Helene, who has two children aged seven and 11, would like to see the scheme rolled out throughout South Gloucestershire so the benefits of outdoor play in a safe environment are available to all children from all social spectrums.

“The lower down the social scale you go, the more likely it is that children have childhood obesity and these are the parents who aren’t going to be able to pay the road closure fee. These are the people who need it the most.”

Helene said she has witnessed benefits of street play following a street parties in Rockside Avenue and Bridge Leap Road to celebrate the Queen’s Diamond Jubilee in 2012. Children who didn’t know each other before have now forged friendships and a number of street initiatives have taken place including a Halloween party and bake-off events. There is also talk of holding a ‘Bridge Rock In Bloom’ to get young people involved in gardening as well as an event to bring the elderly together.

Helene is now looking to contact councillor Ian Blair, the chairman of the council’s Children and Young People committee, and there are also plans for a petition signed by the children of South Gloucestershire.

So far the group has had little success in getting the council to waive the fee and it looks possible the first planned road closure - in Bromley Heath Avenue on September 13 - will have to be abandoned.

Bromley Heath resident Jacky Dockerty, 45,  submitted an official road closure application along with an alternative traffic plan at the beginning of August. She has received an email from a council street works co-ordinator saying no to her request to drop the fee.

However, she has yet to hear back from the authority’s legal team and remains positive that ultimately the council will support the scheme.

“I think the timing, with it being August, has gone against us because people are on annual leave. It’s not in the council’s interest not to support us. I just think we are not getting through to the right people.

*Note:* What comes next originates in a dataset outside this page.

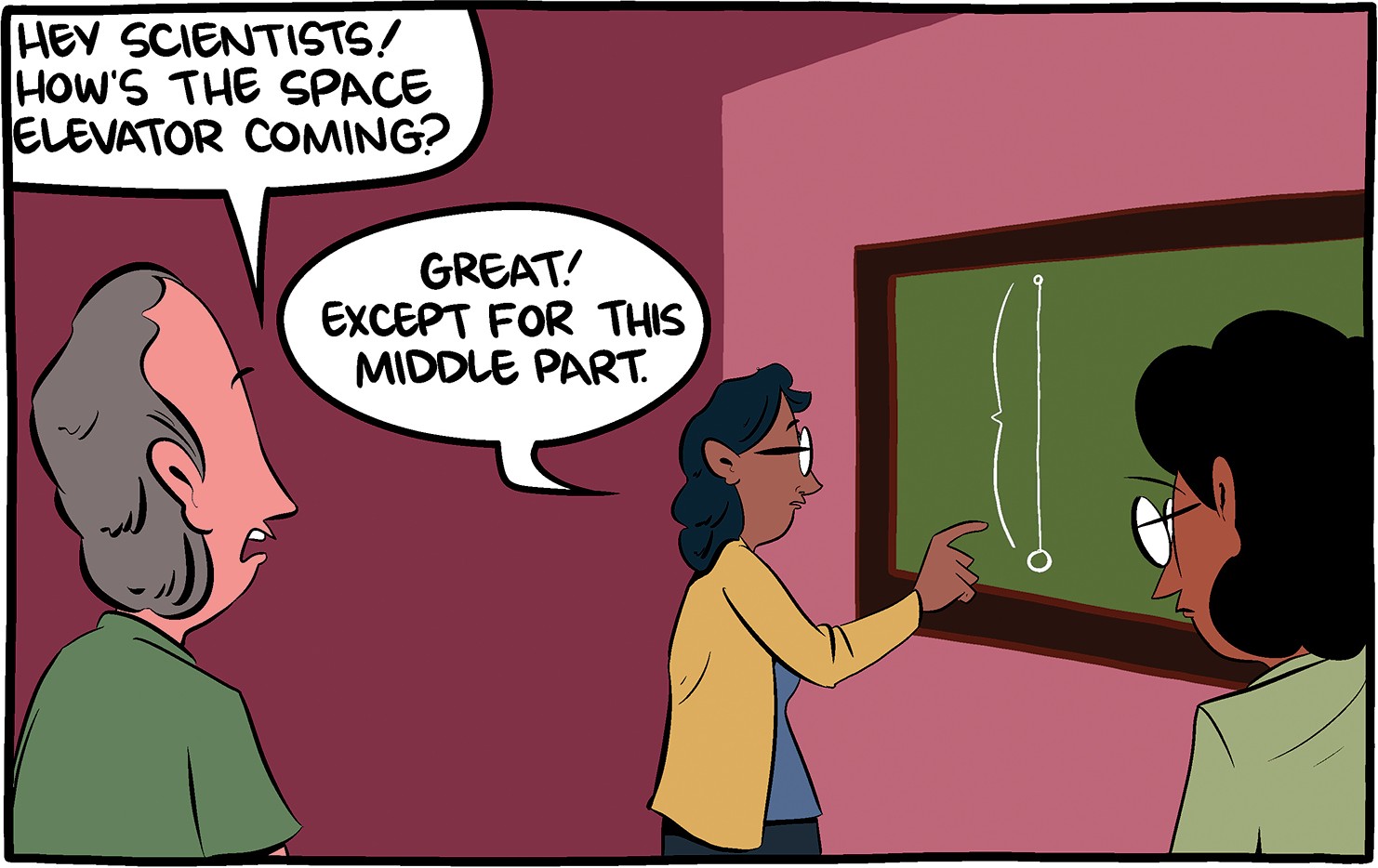 Even supposing we could get the fibers long enough, Mr. Derleth points out an issue for carbon nanotubes: “The material is very sensitive to electricity, and so if it ends up having a lightning strike happen, it will disintegrate a large portion of the ribbon.... Thankfully, there’s a solution to this; unfortunately, it’s not a very satisfactory one, intellectually. There is an area of the Pacific Ocean that has never had a recorded lightning strike. So you’d place your space elevator there. That’s the solution. Now if a storm came through, you would have a lot of worry.”

“We are disappointed by the initial response but don’t think it’s the end of the road. There are other avenues we can explore and really hope the council can be supportive of us.”

Jacky said it wouldn’t be practical for residents to have to pay the fee.

“We can’t pay the £140 because we don’t have a committee and we’re not a charity - we have no funds. If it’s going to rely on residents being benevolent it will fall flat on its face. No one is going to want to pay £140 out of their own pocket.

“Playing Out is about building closer community relationships and safer communities. It hits all the targets around encouraging children to play. We feel children should be outdoors playing rather than staying indoors not exploring their local environment and not making local relationships.”

South Gloucestershire Council was approached for a response but had not got back to us before we went to print.